6. Memory-Tier Tricks: Fitting More Table in Less Space Advanced
Even sharded across many hosts, the tables strain memory budgets, so several tricks shrink them. Caching exploits the same skew that hurts training: the hot rows that overload one shard are also the rows most worth keeping in fast memory, so a small high-bandwidth cache of popular rows in front of a larger store on slower memory or even on the storage tier of Chapter 8 serves most requests from cache. Mixed precision stores embeddings in 16-bit or 8-bit formats, cutting $b$ in half or more in the $N \cdot d \cdot b$ budget at a usually negligible accuracy cost. The most distinctive trick is the hashing trick, in particular the quotient-remainder method, which represents each ID's vector as a combination of two much smaller tables indexed by $\text{id} \bmod m$ and $\lfloor \text{id} / m \rfloor$. Two tables of size $m$ and $N/m$ cover $N$ IDs with
$$\big(m + \tfrac{N}{m}\big)\, d \, b \ \ll\ N \, d \, b,$$so a billion-row table compresses into the sum of two tables of a few tens of thousands of rows each, trading a small chance of collision for a large memory saving. These compressions are orthogonal to sharding; you shard the compressed tables. Together with the cache-the-hot-rows idea, they let a fixed cluster hold a table that nominally would not fit, which is why production embedding stacks combine all three.
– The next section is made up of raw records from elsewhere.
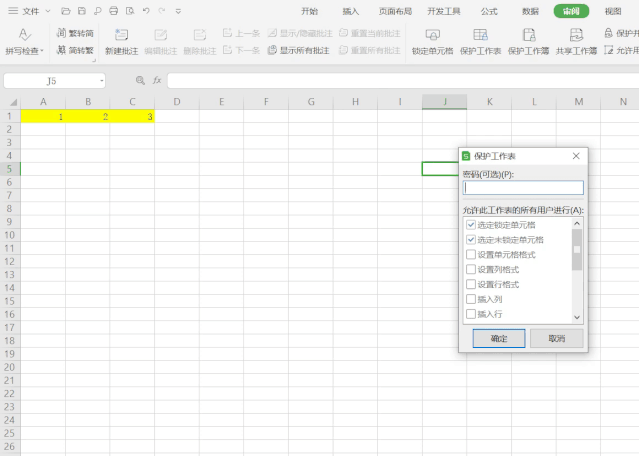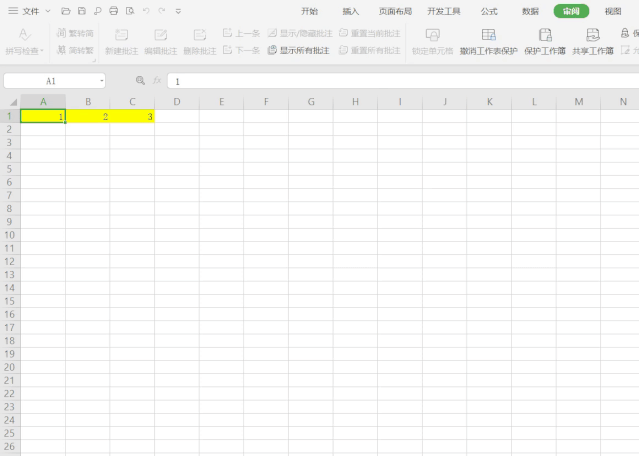 同样利用上面的方法,选中你要锁定的单元格,这里以A1到C1单元格为例。分别给三个单元格录入1,2,3三个数字,然后加上黄色背景。然后勾选锁定。
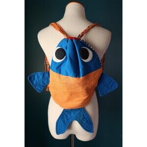 Hand Made Quilt Style Fish Purse Bag Drawstring Backpack Hippy Eclectic Quirky
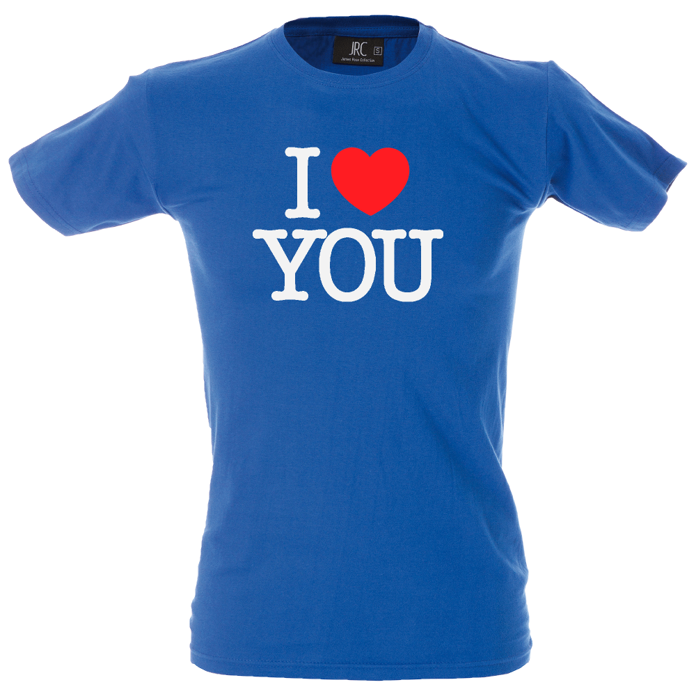 Camiseta hombre de cuello redondo con cinta de refuerzo en el cuello con diseño de i love you
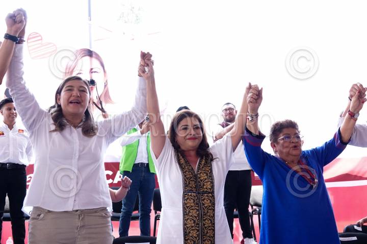 CIUDAD DE MÉXICO, 26MAYO2024.- Nancy Nuñez, candidata a la alcaldía de Azcapotzalco; Clara Brugada, candidata a la Jefatura de Gobierno, y Ernestina Godoy, candidata a senadora, durante el cierre de campaña en la explanada de esta demarcación. FOTO: GRACIELA LÓPEZ /CUARTOSCURO.COM

Of all the "distribute the model" stories in this book, embedding tables are the purest. There is no algorithmic cleverness in the decomposition and no choice to make about whether to shard; the parameter count, set by the number of users and items in the world, simply exceeds any one machine's memory, so the model is sharded the moment it exists. The collectives that move gradient slices in data-parallel training (Section 1.1) here move embedding rows, the parameter server of Chapter 11 becomes the literal storage substrate, and the sharded-parallel patterns of Chapter 16 reappear as table sharding. The recommender is the case where scale-out is not a strategy laid over the model but the only form in which the model can exist.
Because embeddings dominate both memory and cost, shrinking them is an active frontier. Learned and adaptive table sizing assigns more dimensions to frequent IDs and fewer to rare ones, in the lineage of mixed-dimension and frequency-aware embeddings, so capacity follows popularity rather than a uniform $d$. Compositional and quotient-remainder embeddings continue to be pushed toward higher compression with less collision cost, and hierarchical placement spreads a single logical table across GPU memory, host memory, and SSD with software-managed paging, as in Meta's TorchRec and NVIDIA's HugeCTR and Merlin stacks. A parallel thread treats the hot-key problem as a systems co-design question, combining popularity-aware caching, dynamic resharding, and gradient pre-aggregation into the embedding server itself. The throughline is that the embedding table, long treated as a passive lookup, is becoming a first-class distributed data structure engineered jointly for memory, skew, and accuracy.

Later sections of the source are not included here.